I think that it is a good idea, because it is a pattern that we already
use, so in terms of learnability of the package, it is good.
Post by Vlad Niculae
Do you think it's (intuitive/natural/expected) to find .transform on a
LinearSVC or on a Tree? Could you guess what it does?
No, but I'd read the docstring.
Joel Nothman
2013-05-18 08:41:54 UTC
Permalink
On Fri, May 17, 2013 at 3:37 PM, Gael Varoquaux <
Post by Joel Nothman
Post by Joel Nothman
perceptron.to_selector()
which returns an estimator whose parameters are generic things for
feature
Post by Joel Nothman
selection by score: a minimum score, maximum score,
I think that this is software sophistication that makes it harder to use
for people who are not used to complex software construct (think the
matlab 101 user), and I for this reason, am -1.
I understand that.
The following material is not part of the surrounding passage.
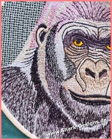 Stickdatei Gorilla – realistisches Tierportrait für die Stickmaschine

One reason I'm not wedded to it, but thought it was
worth proposing.

So you'd +1 the transform_threshold object parameter?

(And Vlad, my suggestion produces your meta-estimator, but ensures that
only compliant estimators can do so via a mixin to_selector method.)
Gael Varoquaux
2013-05-18 08:51:47 UTC
Permalink
Post by Joel Nothman
So you'd +1 the transform_threshold object parameter?
Yes
Lars Buitinck
2013-05-18 12:44:01 UTC
Permalink
Post by Joel Nothman
Post by Gael Varoquaux
I think that this is software sophistication that makes it harder to use
for people who are not used to complex software construct (think the
matlab 101 user), and I for this reason, am -1.
Agree...
Post by Joel Nothman
So you'd +1 the transform_threshold object parameter?
There's one issue with this, which is that grid searching
transform_threshold would re-train the estimator many times in the
loop to change a parameter that does not actually affect fit.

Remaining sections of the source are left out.